Resulta casi imposible deslindar cualquier acto de responsabilidad y libertad del contexto histórico que vivimos: la sociedad contemporánea no es la de la libertad y el progreso, es la de los culpables y los verdugos. De aquí que nombrar los hechos y las cosas de una manera no eufemística o ‘políticamente correcta’, como se ha acuñado en redes, resulte en un caos ético monumental.
Se arroja la pregunta ¿cuántos libros has leído en este año? como una irónica forma de humillación o para responsabilizar a cualquiera, incluso de hechos que no están al alcance del marco de acción más inmediato: el nivel académico es pésimo, la economía no progresa, el machismo está presente, todas las culpas son ‘porque no lees’.
La pregunta deriva de una contrastación arbitraria, pues a más de quinientos años del descubrimiento y la invención de América, aún se sufre de esa angustia por la falta de identidad y debe compensarse dándose valor a partir del otro, la cultura es el estudio del otro, nos sabemos nosotros a partir de lo ajeno.
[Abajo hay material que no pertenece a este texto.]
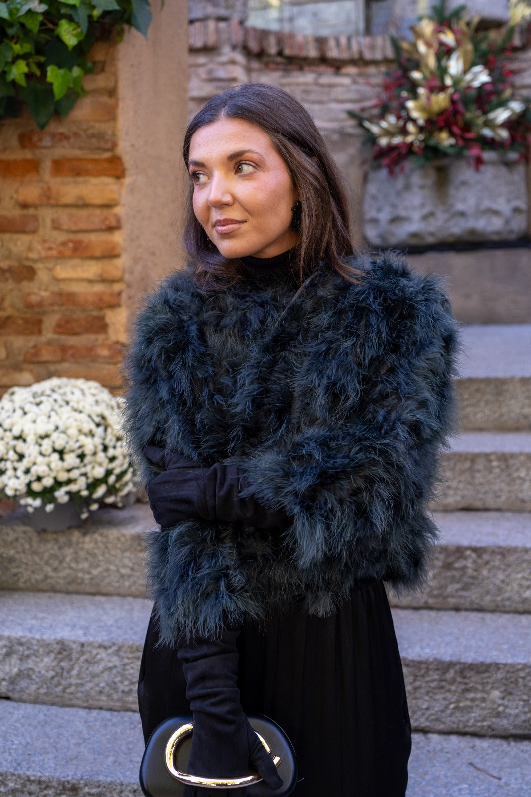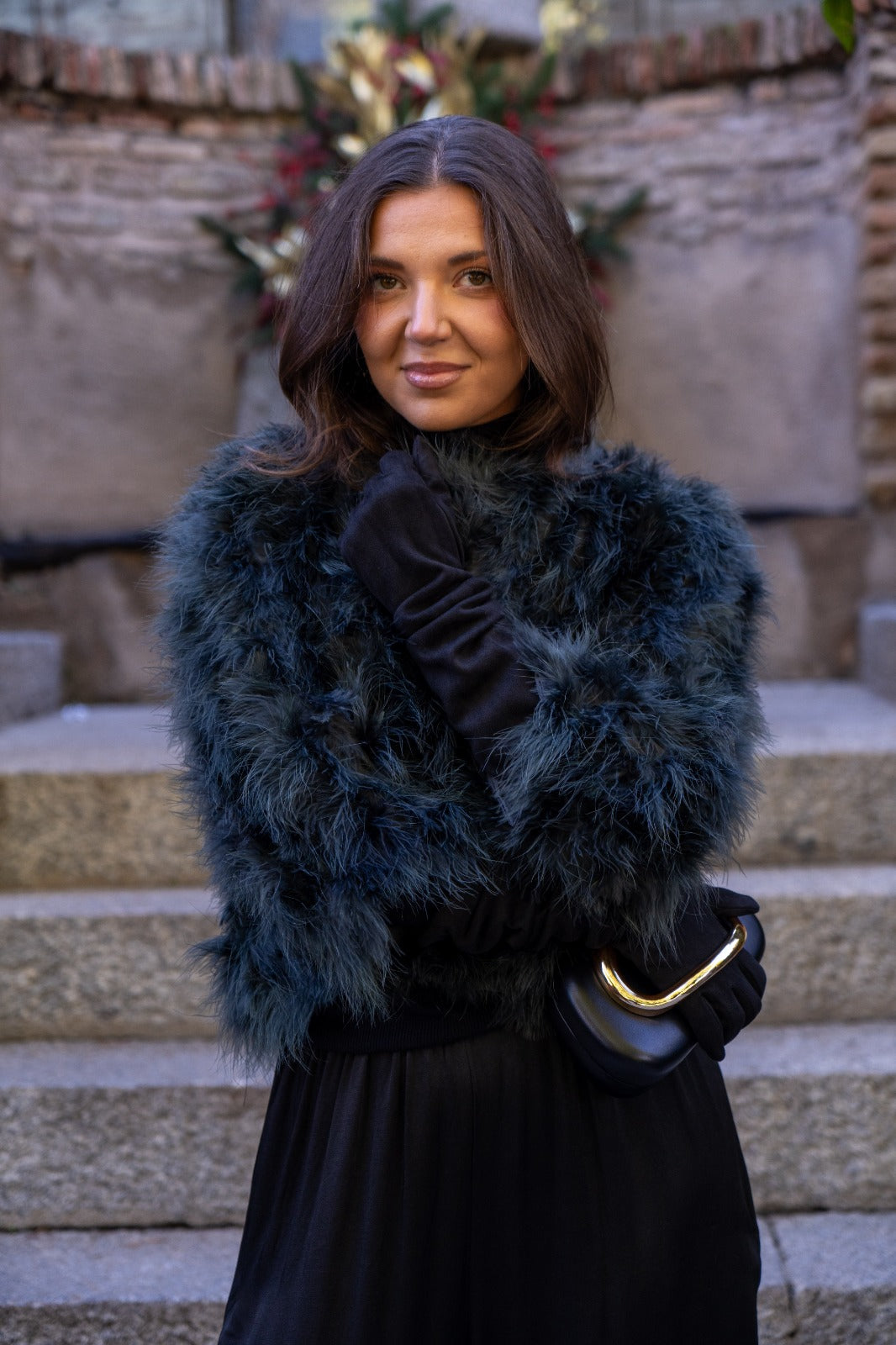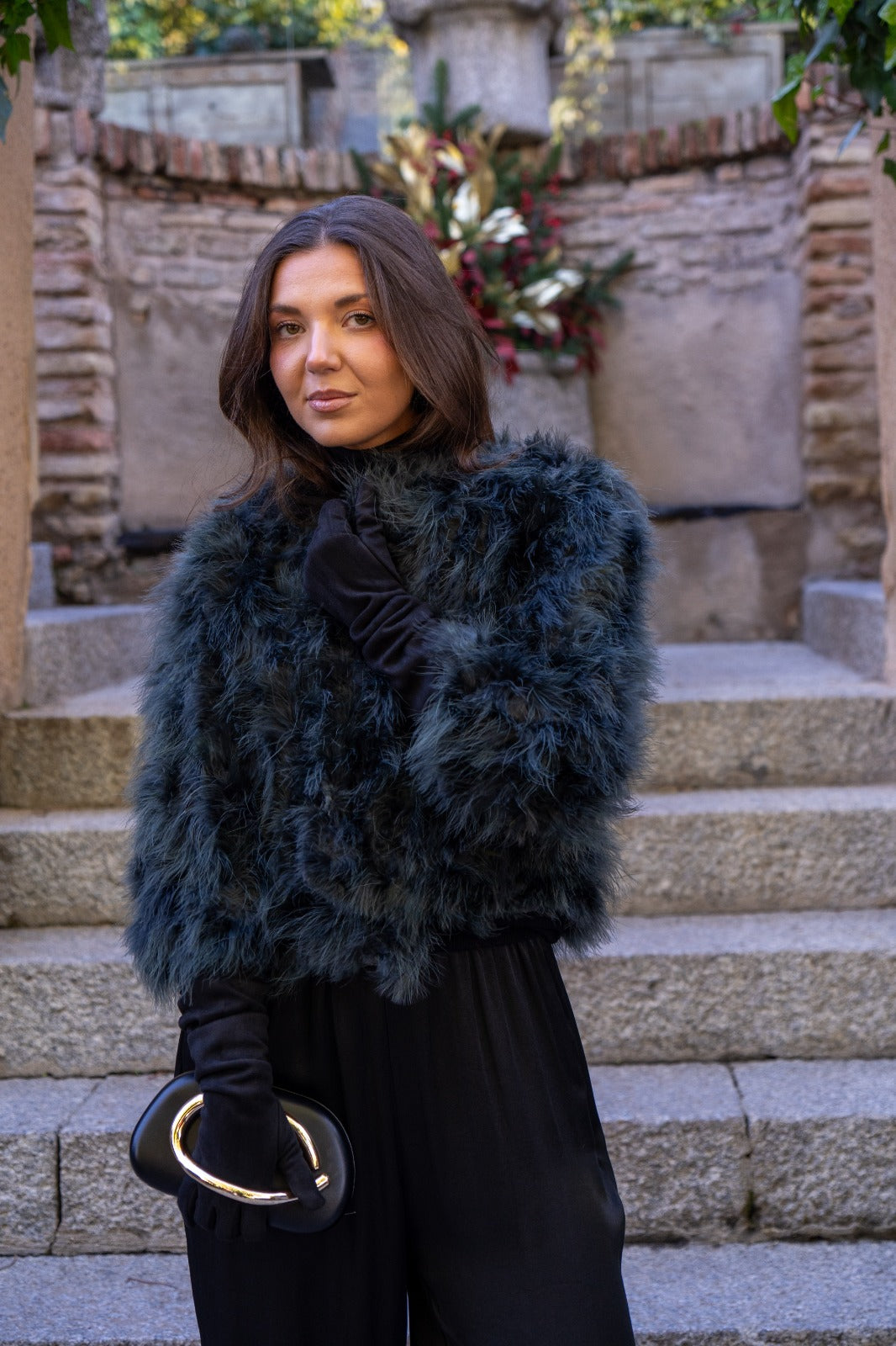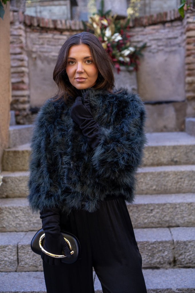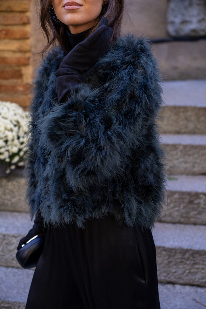 Chaqueta corta, cuello redondo, bolsillos laterales, en marabú color verde.
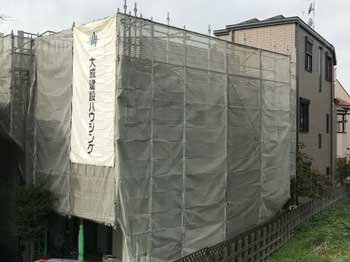 すっぽりとシートに包まれました。屋上に大成建設の旗が設置され、側面にもPalconの大きな旗がつきました。

Es que en Holanda leen x libros al mes; leí en algún sitio que en Finlandia todos leen más de veinte libros al año y aquí en México apenas se lee uno, por eso el país no progresa, porque no se lee. Y se añaden más citas.
La cuantificación de la lectura no responde, obedece a un ya muy consolidado modelo de acumulación, pues todo consume y se puede consumir: la comida, el dinero, los libros, el amor, el sexo, el erotismo, las ideas, lo sensible y lo material, todo es signo perfecto para el despilfarro y la cosificación.
No se considera a la lectura, en este sentido, como una herramienta para la construcción crítica del pensamiento; se considera como una forma ambigua para demostrar no que se sabe o se piensa más, sino que se es más. Leer es para ‘ayudar’ a una sociedad en la que la tecnocracia de la modernidad ha dogmatizado la utilidad de cualquier conocimiento hasta llegar casi a inutilizarlo. La función del artista es totalmente acribillada frente a la del político o al divulgador científico.
En resumidas cuentas: el que lee es más y el que no lee es menos, aunque esto no signifique que se comprenda lo escrito, que se retroalimente la conciencia del lector.
Y por el deseo imperioso de ser más, de necesitar saber –así como se necesita adquirir la última moda o la última tecnología–, por negarse a comprender lo que ya conocemos, se termina por olvidar que los textos, al menos los literarios, no son un cúmulo de personajes y sitios para el consumo y el entretenimiento; son espejos donde leemos una eternidad distante y, en muchos de ellos, forjamos la visión de un futuro cada vez más desolador.